The explanation of the entire contents of the file is beyond the scope of this article but one helpful application of this capability is to confirm native at rest encryption is functioning properly.

I have some data loaded into this cluster, let's look for any data containing "New York"

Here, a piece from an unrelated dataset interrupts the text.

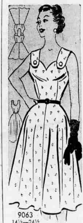
9063 14 1/2 - 24 1/2 by Marian Martin

Sew-easy sun frock for half-sizes that's actually cut to properly fit the shorter, fuller figure! It's delightfully cool and comfortable for chore-time, too - AND it's a cinch to iron! Smart tab-strap bodice tops the flared skirt. Choose cool cotton!

cockroach debug pebble sstable scan 000021.sst | grep "New York" | tail -n 10
/Table/52/1/"\xfeD\xe7\x1f\x90;H\x00\xbf\"s\x8f\xc8\x1d\xea\xc4"/0/1642197103.541702000,0#0,SET "\xa8\xf5&\xb7\n&\x02NY\x16\rNew York City\x13\xbc\xe9\x81\b"
/Table/52/1/"\xfe{\x90,\xdb\xebH\x00\xbf=\xc8\x16m\xf5\xc4\x00"/0/1642196996.701019000,0#0,SET "\xe5\xa0O\xa7\n&\x02NY\x16\rNew York City\x13\xa4\xa6\xb6\x02"
/Table/52/1/"\xfe\xe9\xec\xdc\xc7KH\x00\xbft\xf6nc\xa5\xeaR"/0/1642196996.701019000,0#0,SET "\xf5\xb2\xce\xf3\n&\x02NY\x16\rNew York City\x13\xa2\xfe\x8a\x04"
/Table/52/1/"\xff\x00\xb7\xdd~\x01H\x00\xbf\x80[\xee\xbf\x00\xfc\xf5"/0/1642197080.834041000,0#0,SET "\xa7\xf9/W\n&\x02NY\x16\rNew York City\x13\x92\xb3\xc2\x04"
/Table/52/1/"\xff\x1a\xae\xfb\xe9\xbdH\x00\xbf\x8dW}\xf4\u07ba$"/0/1642197066.200311000,0#0,SET "\xab\xe6\xdaV\n&\x02NY\x16\rNew York City\x13\xee\xb2\xda\x01"
/Table/52/1/"\xffB\x1d8\x01\xef@\x00\xbf\xa1\x0e\x9c\x00\xf7\xb6\xe9"/0/1642197003.063291000,0#0,SET "\x01\x91\x15\xcc\n&\x02NY\x16\rNew York City\x13\xfa\xa6\xe2\x01"
/Table/52/1/"\xffX\xbaّb@\x00\xbf\xac]lȱ>\x10"/0/1642196996.701019000,0#0,SET "\xbb\xfb\f\xd2\n&\x02NY\x16\rNew York City\x13\x86\x92\xab\x04"
/Table/52/1/"\xff\xc60\xef+AH\x00\xbf\xe3\x18w\x95\xa0\xd4C"/0/1642196996.701019000,0#0,SET "\xfc!\xf2\xd6\n&\x02NY\x16\rNew York City\x13\xa2\xb9\xe8\a"
/Table/52/1/"\xff\xe8>\x1c2\xde@\x00\xbf\xf4\x1f\x0e\x19o8\xa6"/0/1642197052.306718000,0#0,SET "\x9f\x80l\xf6\n&\x02NY\x16\rNew York City\x13Æ£\xcb\x02"
/Table/52/1/"\xff\xf7n\x8b\xb5\xda@\x00\xbf\xfb\xb7E\xda\xed)4"/0/1642197109.857052000,0#0,SET "-\xd1:\xec\n&\x02NY\x16\rNew York City\x13\xaa\x91\x93\x03"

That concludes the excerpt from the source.